Recuerdo muy bien la impresión que Norden produjo en aquella conferencia. Los consejeros militares estaban preocupados, y, como de costumbre, se dirigieron a los científicos en busca de asistencia. ¿Sería posible, preguntaron, mejorar nuestras armas actuales, a fin de aumentar más aún nuestra presente ventaja?
La respuesta de Norden fue completamente inesperada. Con frecuencia se había dirigido tal pregunta a Malvar, y él siempre había hecho lo que le habíamos solicitado.
—Francamente, señores —dijo Norden—, lo dudo. Nuestras armas actuales han llegado ya prácticamente a su forma definitiva. No quisiera criticar a mi predecesor, o el excelente trabajo efectuado por el Personal de Investigación durante las últimas generaciones, pero ¿se dan ustedes cuenta que no ha habido cambio fundamental en los armamentos desde hace más de un siglo? Me temo que ello ha sido debido a una tradición que se ha hecho demasiado conservadora. El Personal de Investigación se ha dedicado demasiado tiempo a perfeccionar viejas armas en lugar de desarrollar otras nuevas. Es una suerte para nosotros que nuestros enemigos hayan hecho lo mismo, pero no debemos suponer que será siempre así.
Las palabras de Norden dejaron una impresión de malestar, como había sido sin duda su intención. Rápidamente lanzó su ataque a fondo.
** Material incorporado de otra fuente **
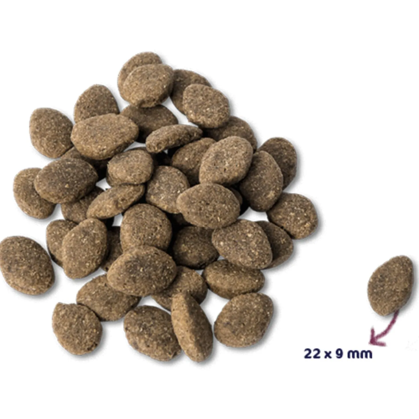 | Samenstelling | Vers bereide lam (min. 26%), zoete aardappel, aardappel (16%), gedroogde lam (12%), erwten, erwten eiwitten, lamsvet, aardappel eiwit, biergist, bietenpulp, lijnzaad, lamsbouillon, mineralen, zeewier, beta-glucanen, gedroogde cranberries (0,04%), gedroogde appel (0,04%), gedroogde peer (0,04%), gedroogde broccoli (0,04%), gedroogde tomaat (0,04%), glucosamine (170 mg/kg), methylsulfonylmethaan (MSM) (170 mg/kg), chondroïtinesulfaat (120 mg/kg). |

—Lo que necesitamos son nuevas armas, armas totalmente diferentes de las que se han utilizado hasta hoy. Tales armas son posibles; se necesitará algún tiempo, naturalmente, pero desde que he tomado posesión he reemplazado algunos de los más viejos científicos por hombres jóvenes, y he dirigido la investigación hacia varios campos inexplorados que prometen mucho. Creo, en efecto, que muy pronto seremos testigos de una revolución en los armamentos.
Nos sentíamos escépticos. Había un tono pedante en la voz de Norden que nos hacía recelar de sus afirmaciones. Entonces no sabíamos que nunca prometía nada que no hubiese casi perfeccionado en el laboratorio. En el laboratorio, ésa era la frase clave.
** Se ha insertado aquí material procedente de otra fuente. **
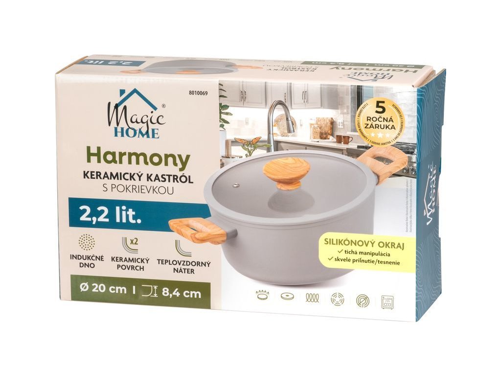 Kvalitní keramický kastrol MagicHome Harmony o objemu 2,2 litru a průměru 20 cm je ideální pro každodenní vaření v každé domácnosti. Díky modernímu designu, odolné konstrukci a praktickým detailům se stane neodmyslitelnou součástí vaší kuchyně.

Norden probó lo que había afirmado menos de un mes más tarde, cuando presentó la Esfera de Aniquilación, que producía la desintegración completa de la materia dentro de un radio de varios centenares de metros. Nos entusiasmamos con la potencia de la nueva arma, y estuvimos dispuestos a prescindir de considerar su defecto fundamental, el hecho que era precisamente una esfera, y que, por lo tanto, destruía su relativamente complicado mecanismo de generación en el instante de su formación. Eso naturalmente, significaba que no podía ser utilizada sobre naves de guerra, sino solamente sobre proyectiles dirigidos, por lo cual se comenzó un gran programa para cambiar todos los torpedos de dirección automática a fin de que éstos pudieran transportar la nueva arma. Desde aquel momento, se suspendieron todas las ofensivas.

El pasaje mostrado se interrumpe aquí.